Développée initialement dès les années 1980 par des physiciens comme Paul Benioff, Yurin Manin, Richard Feynman ou encore David Deutsch, l’informatique quantique est un domaine de recherche très actif en ingénierie et physique appliquée. Bien que certaines opérations aient déjà été effectuée grâce à un petit nombre de bits quantiques (qubits), l’informatique quantique n’en est encore qu’à ses balbutiements. Cependant, une équipe de physiciens a récemment atteint un nouveau record en créant un registre quantique constitué de 20 qubits.
L’ordinateur quantique est considéré, avec l’avènement de l’intelligence artificielle, comme faisant partie de la prochaine singularité technologique. Grâce à des algorithmes comme Shor ou l’algorithme de Grover, l’ordinateur quantique serait capable de résoudre des problèmes bien plus vite et efficacement que n’importe quel machine de Turing classique déterministe ou probabiliste. Toutefois, un long travail attend encore les scientifiques avant d’aboutir à un système entièrement fonctionnel.
L’informatique quantique fait appel à deux mécanismes particuliers. Tout d’abord, l’intrication quantique dans laquelle deux particules intriquées ne forment plus qu’un seul système solidaire unique, partageant la même fonction d’onde et le même espace mathématique, la mesure d’une particule entraînant instantanément la mesure de l’autre. Ensuite, la superposition quantique dans laquelle l’état quantique d’une particule peut posséder plusieurs valeurs simultanément, tant qu’aucune mesure n’est effectuée.
Un ordinateur quantique utilise des bits quantiques, ou qubits. À la différence des bits classiques qui ne peuvent prendre comme valeurs que 0 ou 1, un qubit peut prendre simultanément les valeurs 0 et 1 grâce au principe de superposition. Cela permettrait de bâtir des architectures de calcul ultra-rapides. Cependant, pour ce faire, les qubits doivent pouvoir former des registres quantiques. Un registre quantique est l’analogue du registre de processeur classique (une zone d’adressage mémoire), composé d’un assemblage de qubits.
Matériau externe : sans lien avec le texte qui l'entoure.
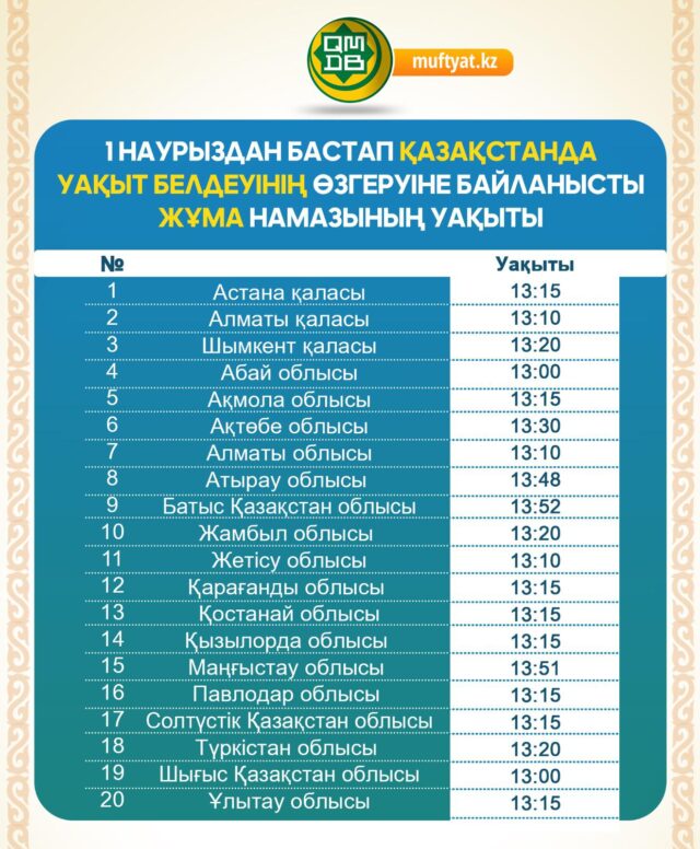 Алла қаласа 29 ақпаннан 1 наурызға қараған түні сағат 00:00-де Қазақстан бойынша UTC (Дүниежүзілік үйлестірілген уақыт) +5 уақытына ауысқан сәтте намаз уақыттары да автоматты түрде өзгереді. Қазақстан мұсылмандары діни басқармасының ресми www.muftyat.kz сайтындағы намаз кестесінен өздеріңізге қажетті ауыл мен қаладағы намаз уақыттары жайлы мәліметтерді алуға болады. Ал жұма намазына қатысты мәлімет төмендегі кестеде көрсетілді.

En 2011 déjà, une équipe de physiciens dirigée par Rainer Blatt à l’Institut de Physique Expérimentale de l’université d’Innsbruck (Autriche), avaient réussi à créer un registre intriqué de 14 qubits adressables. Mais récemment, Blatt et ses collègues sont allés encore plus loin en créant un registre quantique de 20 qubits adressables et individuellement contrôlables. Les résultats ont été publiés dans la revue Physical Review X.
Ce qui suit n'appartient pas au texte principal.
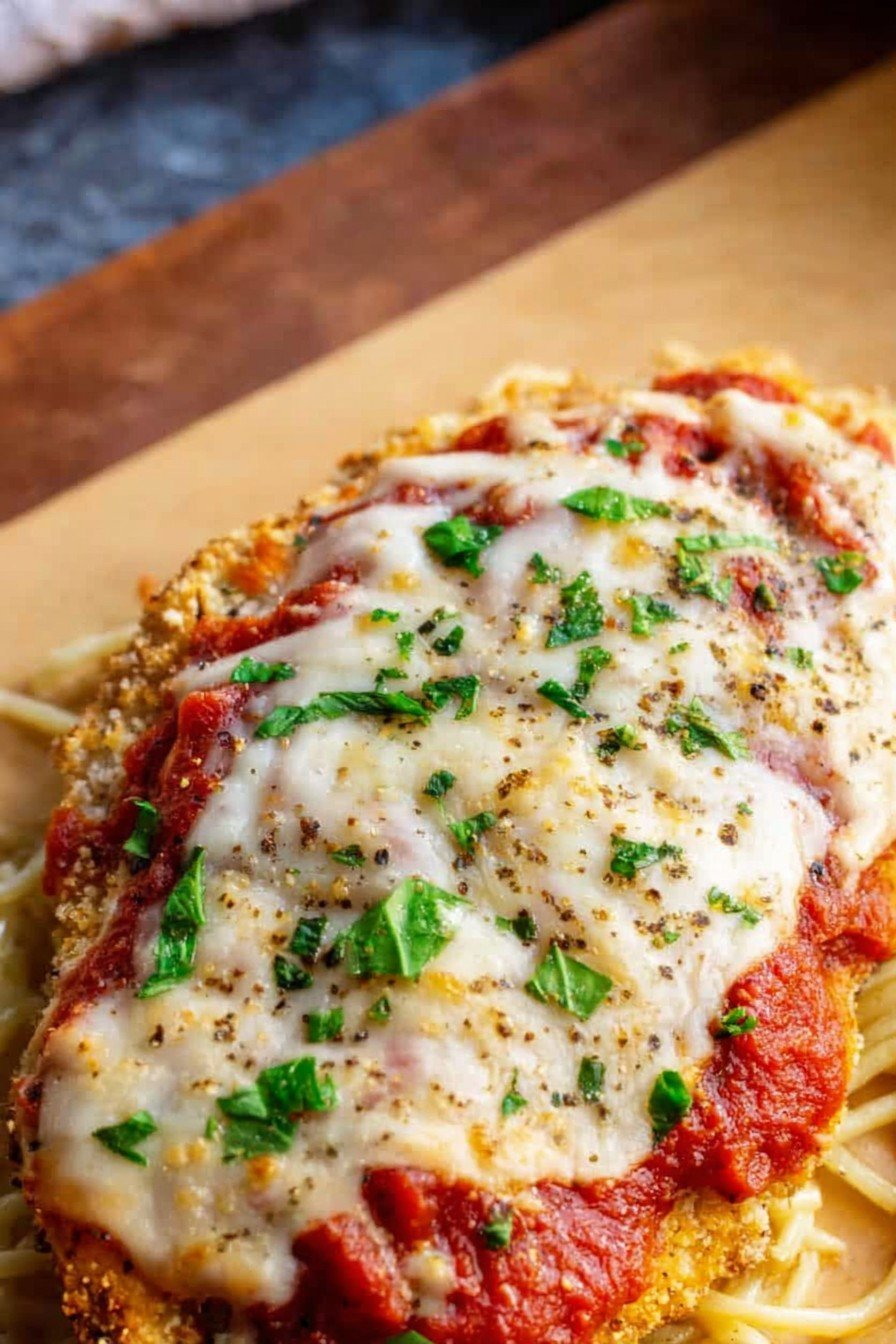 6Serve the chicken Parmesan hot, garnished with fresh basil if desired.

Pour ce faire, les physiciens ont utilisé 20 ions calcium organisés en ligne servant de qubits et intriqués via un système de lasers. Les scientifiques ont réussi à intriquer les ions calcium avec deux autres, trois autres et même quatre autres ions dans le groupe. Ce n’est bien entendu pas la première fois qu’un grand nombre de particules sont intriquées – mais la prouesse vient du fait que les auteurs aient réussi à lire et adresser chacun de ces qubits individuellement.
« Il existe des systèmes quantiques comme des gaz ultrafroids dans lesquels l’intrication entre un grand nombre de particules a été observée » explique Nicolai Friis, physicien à l’Académie des Sciences Autrichienne (Vienne), et l’un des auteurs principaux de l’étude. Il existe même certains ordinateurs quantiques avec des assemblages de 50 qubits (IBM) ou 72 qubits (Google Bristlecone), mais dans ces systèmes, les qubits ne peuvent être individuellement contrôlés, lus et adressés.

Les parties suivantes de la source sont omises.